* Exercise description *
Nothing but the lines from the start of the data through the line with "black colors available." should appear in the answer, each retyped exactly, and pictures should not.

* Given data *
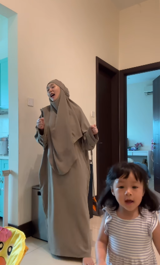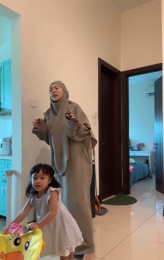 ” Mak nya yg lagi excited Love u both.. Adoi adorable nya Rina mulut tu comei sungguh mama tercute maryam .. pandainya Rina nyanyi .. “
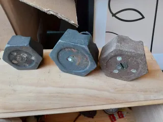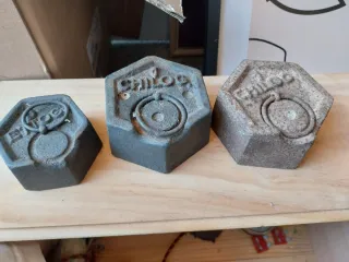 Set di antichi pesi in ghisa, ideali per collezionisti o per uso decorativo. - Materiale: Ghisa - Forma esagonale - Marchi visibili sui pesi
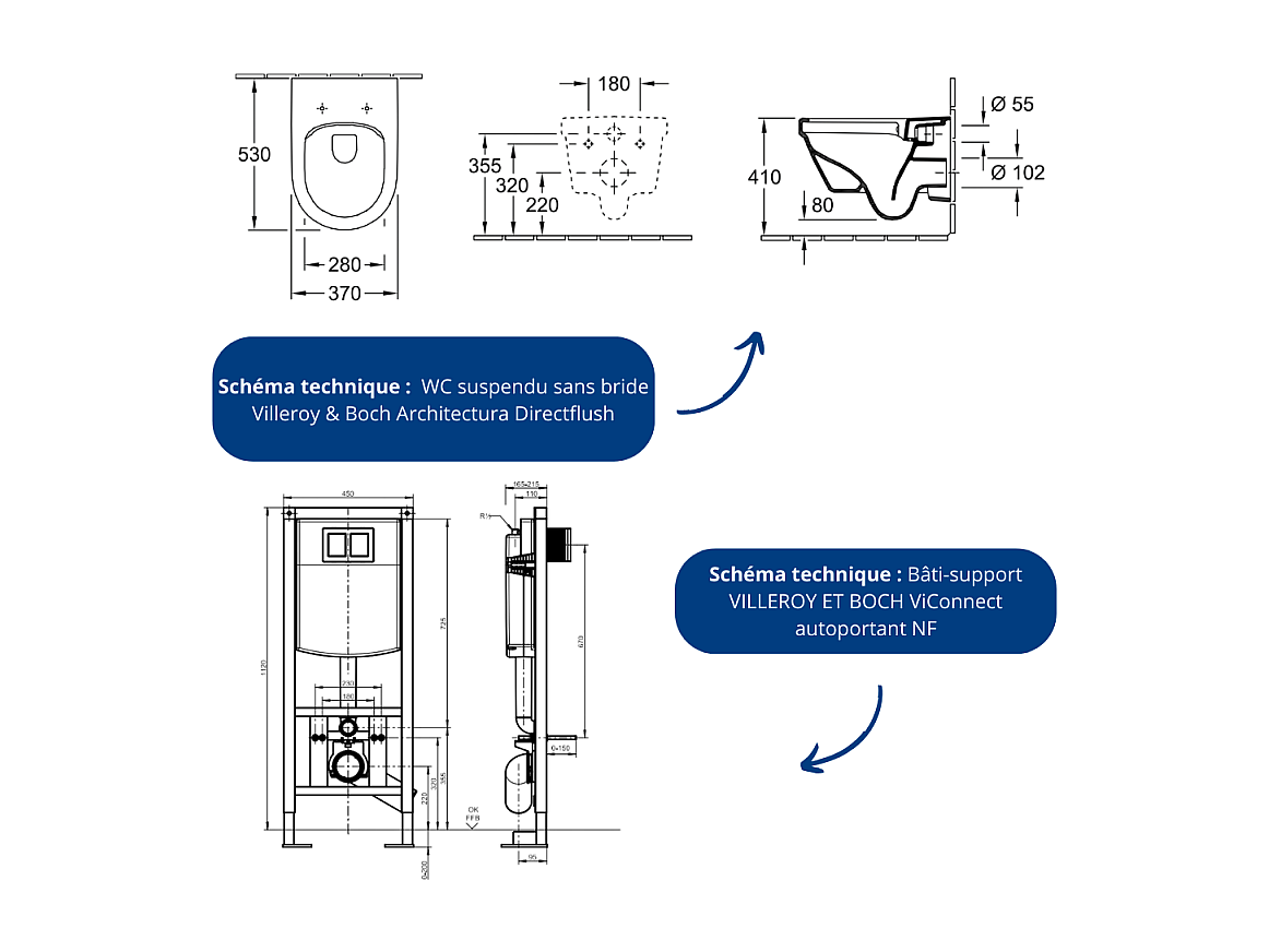 Pack WC suspendu sans bride VILLEROY ET BOCH Architectura directflush + abattant frein de chute + bâti-support autoportant + plaque blanche
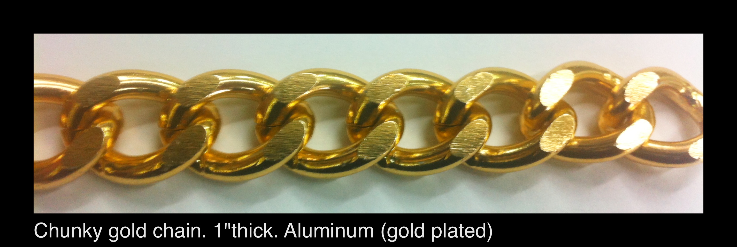 Chunky Chain. 1" thick. Aluminum base with gold plated, silver plated or Black plated finish. Lightweight. Perfect for chunky chain bracelets. Sold per Foot (12 inches). Gold, silver and black colors available.
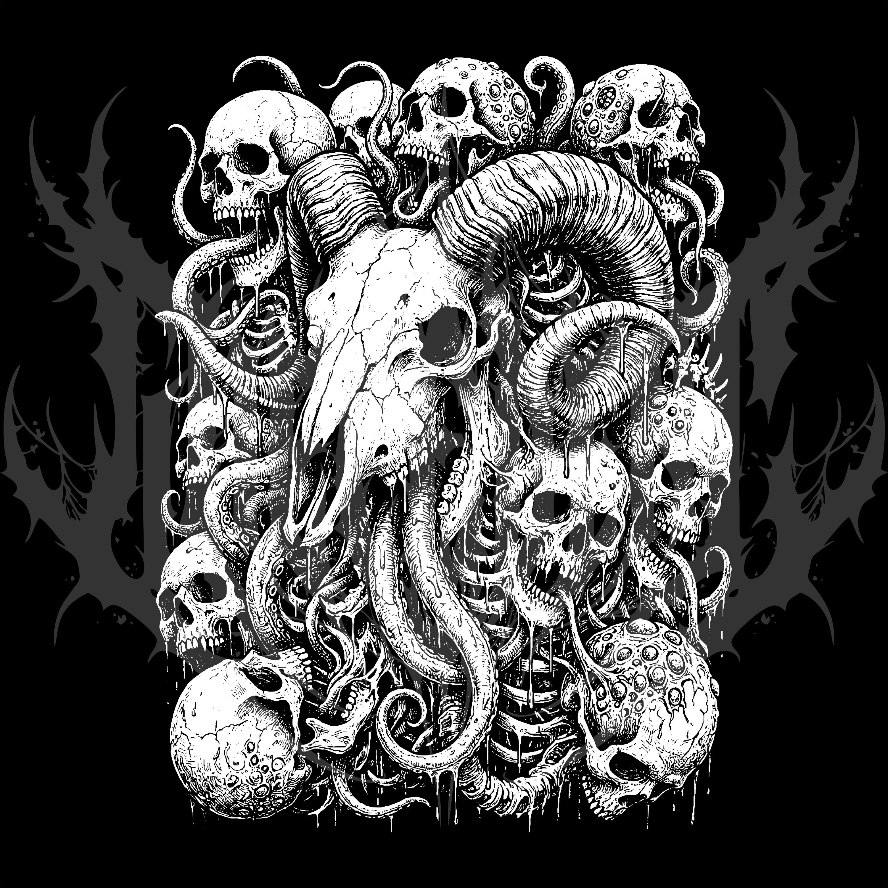 Design B&W Back Tee Dark Horned Skull Cluster Horror Skeleton Gothic Grunge Vector Art

* Response for this exercise *
 ” Mak nya yg lagi excited Love u both.. Adoi adorable nya Rina mulut tu comei sungguh mama tercute maryam .. pandainya Rina nyanyi .. “
 Set di antichi pesi in ghisa, ideali per collezionisti o per uso decorativo. - Materiale: Ghisa - Forma esagonale - Marchi visibili sui pesi
 Pack WC suspendu sans bride VILLEROY ET BOCH Architectura directflush + abattant frein de chute + bâti-support autoportant + plaque blanche
 Chunky Chain. 1" thick. Aluminum base with gold plated, silver plated or Black plated finish. Lightweight. Perfect for chunky chain bracelets. Sold per Foot (12 inches). Gold, silver and black colors available.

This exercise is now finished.